A Graphing Calculator for Mathematics and Science Classes
The HP 38G calculator allows teachers to direct students and keep them focused while they explore mathematical and scientific concepts. It features aplets, which are small applications that focus on a particular area of the curriculum and can be easily distributed from the teachers calculator to the students.

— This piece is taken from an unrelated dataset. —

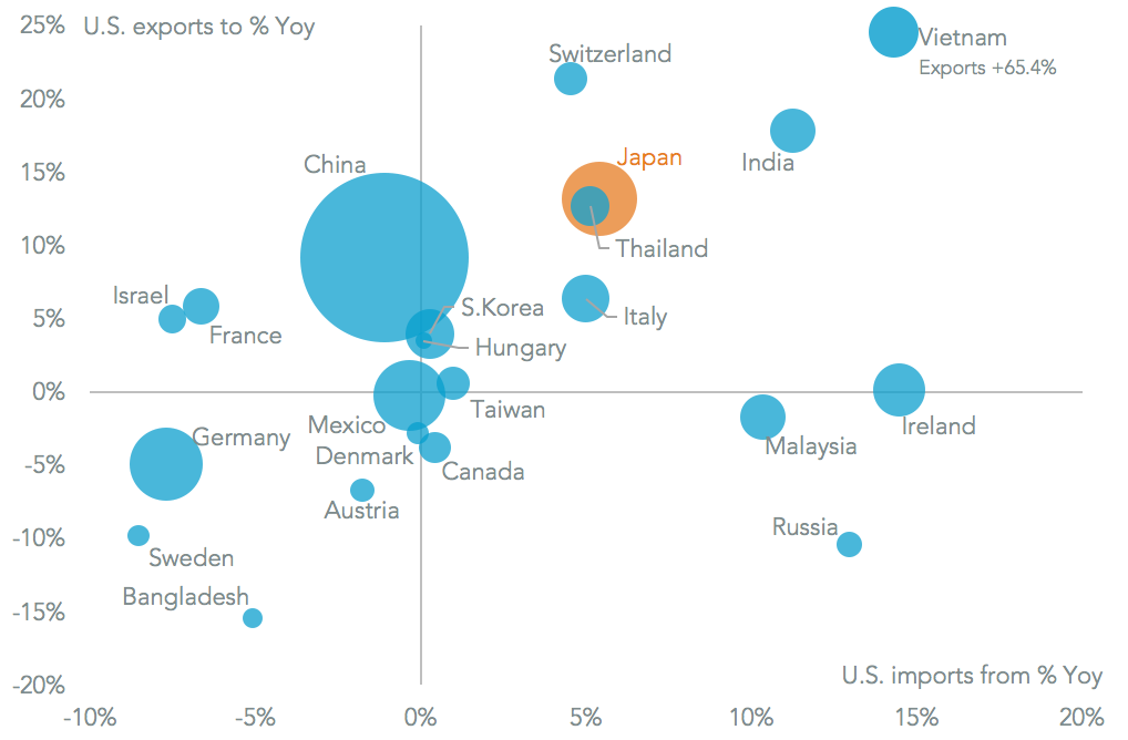 The accusation echoes that made by Peter Navarro with regards to Germany, as discussed in Panjiva research of January 31 and follows the U.S. withdrawal from the Trans-Pacific Partnership which includes Japan. This may be the first salvo in the U.S. administration’s negotiation of a bilateral deal with Japan.

by Ted W. Beers, Diana K. Byrne, James A. Donnelly, Robert W. Jones, and Feng Yuan
The HP 38G calculator is a graphing calculator for students and teachers in mathematics and science classes. It features aplets, which are small applications that focus on a particular area of the curriculum and can be easily distributed from calculator to calculator. This allows the teacher to send an electronic story problem to each student in the class. The HP 38G is built on the same software platform as the HP 48G family of graphing calculators,1 but has a simpler user interface and feature set. Equations are entered using algebraic format rather than the reverse Polish notation (RPN) found in most HP calculators. The features of the HP 38G include: Graphical user interface Function, polar, parametric, stairstep, cobweb, histogram, scatter, and box and whisker plots Side-by-side split screen Tables Unlimited, scrollable history stack Symbolic equations HP Solve numeric root finder EquationWriter display Statistics functions Matrix operations User programming. The hardware platform of the HP 38G is very similar to that of the HP 48G: they both have 32K bytes of RAM, 512K bytes of ROM, the same CPU and the same display (131 by 64 pixels). They both have a two-way infrared link for sending information to a printer and for transferring information between two calculators, and an RS-232 link for calculator-to-computer communications. An accessory that allows the calculator screen to be displayed with an overhead projector works with both the HP 48G and the HP 38G, but the HP 38G cable connector has been modified so that the overhead display accessory works with every HP 38G; no special handset is required. The HP 48 case was redesigned to include a sliding plastic cover to make the HP 38G more durable for use by younger students. Also, two keys were removed to give visual emphasis to the navigation keys and to make the keyboard look less complicated.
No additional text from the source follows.